Task objective
Copy only what lies from the line containing "企查查数据显示,截至1月8日" through the line containing "HVS NATURAL A4" in the entries below, keeping both end lines exact and dropping every picture.

Exercise input
# # # #

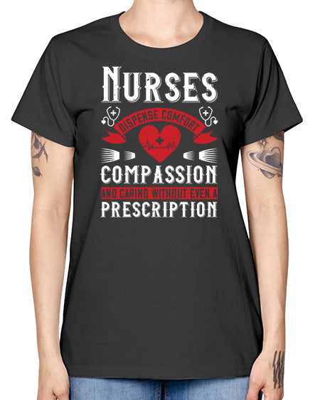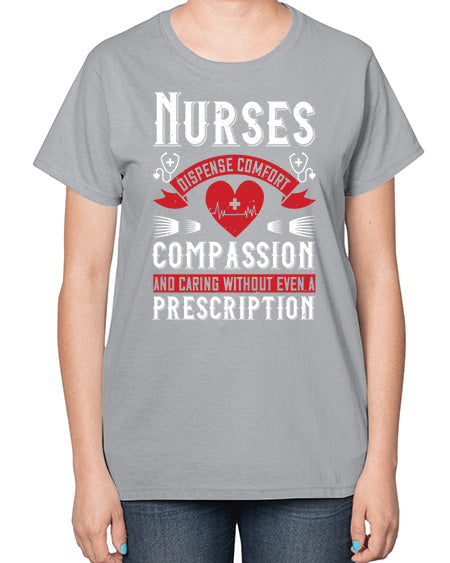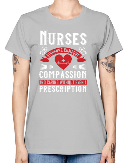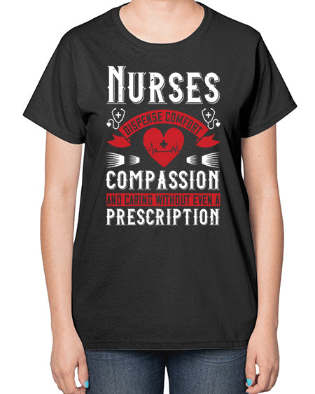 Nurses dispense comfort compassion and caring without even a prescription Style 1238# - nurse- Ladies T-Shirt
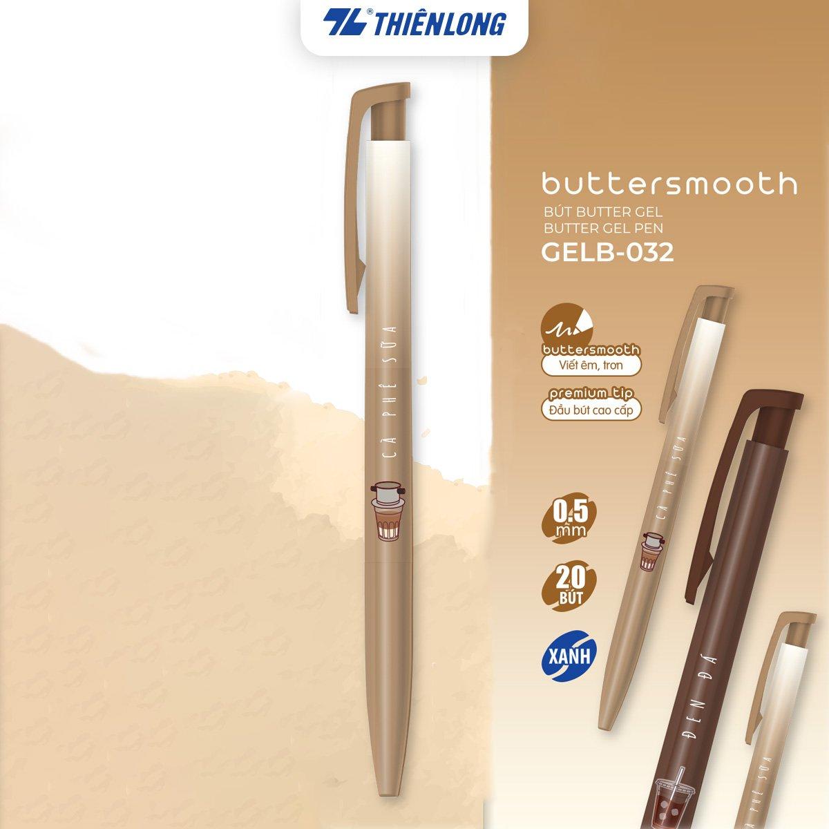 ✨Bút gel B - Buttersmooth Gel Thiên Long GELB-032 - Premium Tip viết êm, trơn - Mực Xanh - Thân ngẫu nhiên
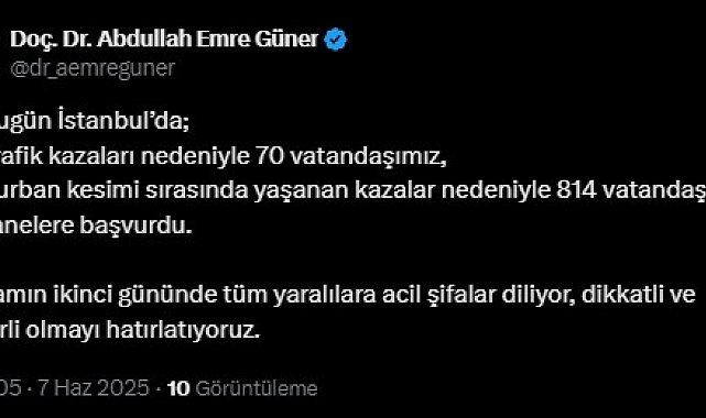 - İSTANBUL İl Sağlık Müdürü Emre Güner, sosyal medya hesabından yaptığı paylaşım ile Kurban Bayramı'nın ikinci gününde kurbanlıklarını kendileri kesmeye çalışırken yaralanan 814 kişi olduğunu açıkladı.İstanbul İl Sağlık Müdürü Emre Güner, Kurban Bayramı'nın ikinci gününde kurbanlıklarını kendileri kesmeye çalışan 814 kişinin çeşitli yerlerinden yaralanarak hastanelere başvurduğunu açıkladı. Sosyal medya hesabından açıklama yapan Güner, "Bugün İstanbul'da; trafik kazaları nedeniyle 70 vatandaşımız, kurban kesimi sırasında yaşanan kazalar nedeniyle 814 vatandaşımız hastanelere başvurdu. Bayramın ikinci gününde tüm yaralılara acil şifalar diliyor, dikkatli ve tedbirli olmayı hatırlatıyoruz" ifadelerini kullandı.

# # # #

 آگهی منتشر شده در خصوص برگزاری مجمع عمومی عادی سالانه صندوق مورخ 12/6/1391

# # # #

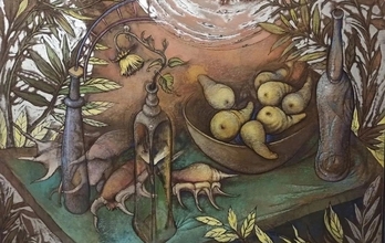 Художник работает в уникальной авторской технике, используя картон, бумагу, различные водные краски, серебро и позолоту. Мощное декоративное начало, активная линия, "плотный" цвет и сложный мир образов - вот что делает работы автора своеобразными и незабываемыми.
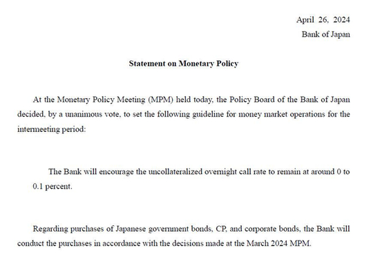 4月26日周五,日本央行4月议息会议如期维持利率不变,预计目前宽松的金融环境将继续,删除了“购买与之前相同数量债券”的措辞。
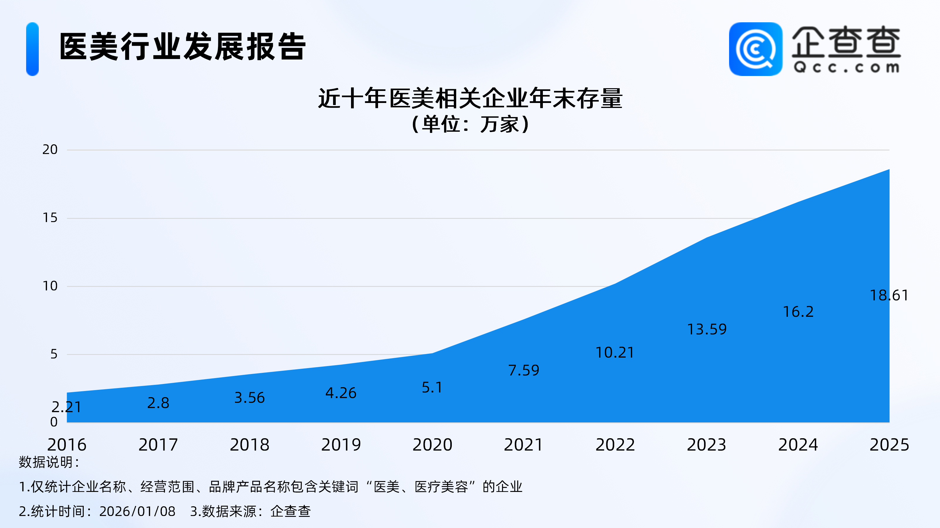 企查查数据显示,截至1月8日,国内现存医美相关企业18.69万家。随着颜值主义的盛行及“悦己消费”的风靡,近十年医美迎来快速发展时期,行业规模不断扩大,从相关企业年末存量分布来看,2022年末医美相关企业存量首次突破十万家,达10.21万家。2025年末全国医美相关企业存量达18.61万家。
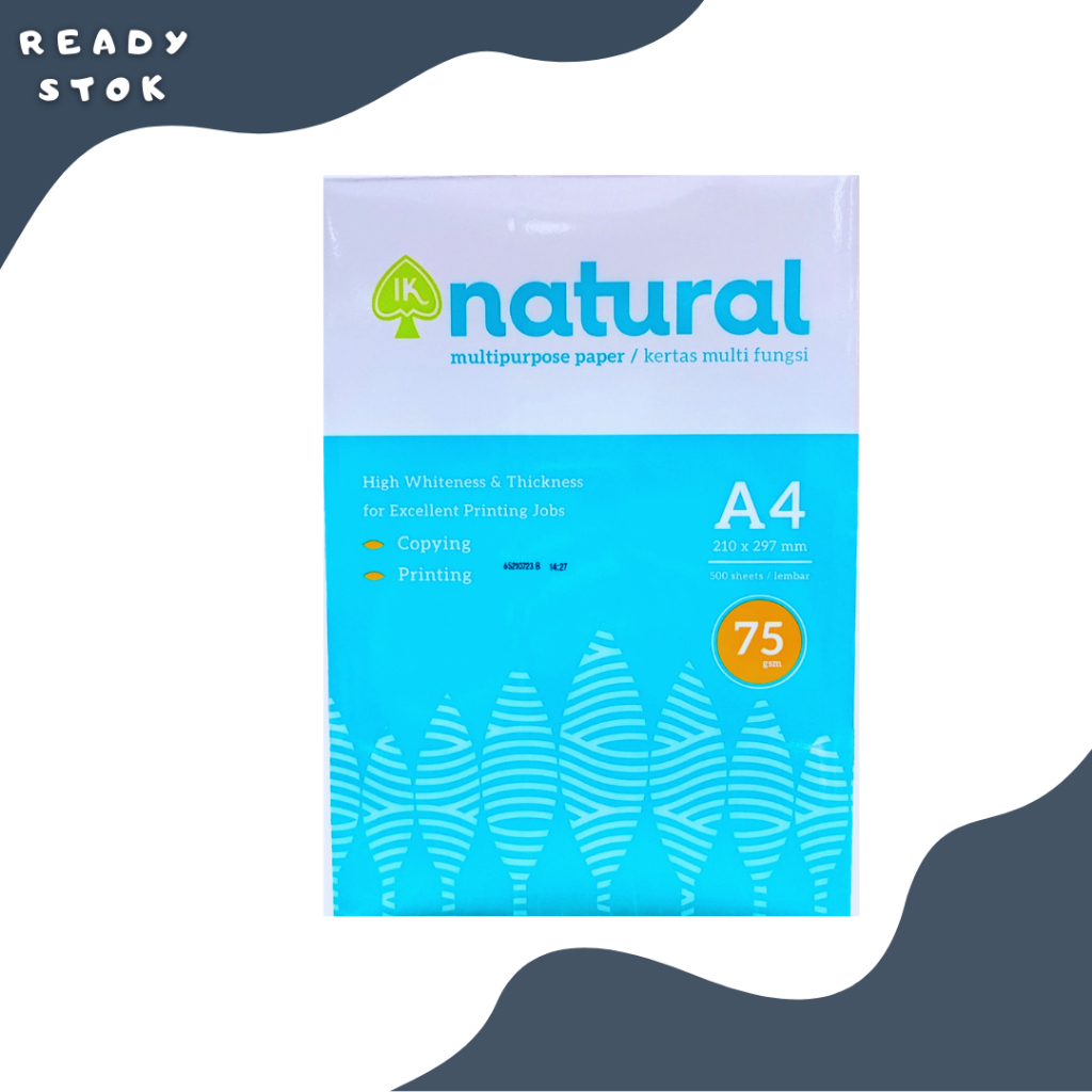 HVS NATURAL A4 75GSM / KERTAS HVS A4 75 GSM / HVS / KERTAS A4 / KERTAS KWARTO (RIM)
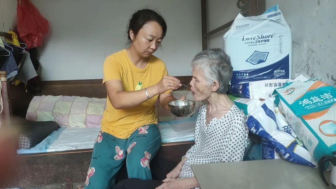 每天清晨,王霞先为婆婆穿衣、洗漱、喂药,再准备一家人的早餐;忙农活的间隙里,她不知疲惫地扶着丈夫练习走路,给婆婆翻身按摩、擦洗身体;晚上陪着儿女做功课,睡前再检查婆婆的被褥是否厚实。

# # # #

Answer
 企查查数据显示,截至1月8日,国内现存医美相关企业18.69万家。随着颜值主义的盛行及“悦己消费”的风靡,近十年医美迎来快速发展时期,行业规模不断扩大,从相关企业年末存量分布来看,2022年末医美相关企业存量首次突破十万家,达10.21万家。2025年末全国医美相关企业存量达18.61万家。
 HVS NATURAL A4 75GSM / KERTAS HVS A4 75 GSM / HVS / KERTAS A4 / KERTAS KWARTO (RIM)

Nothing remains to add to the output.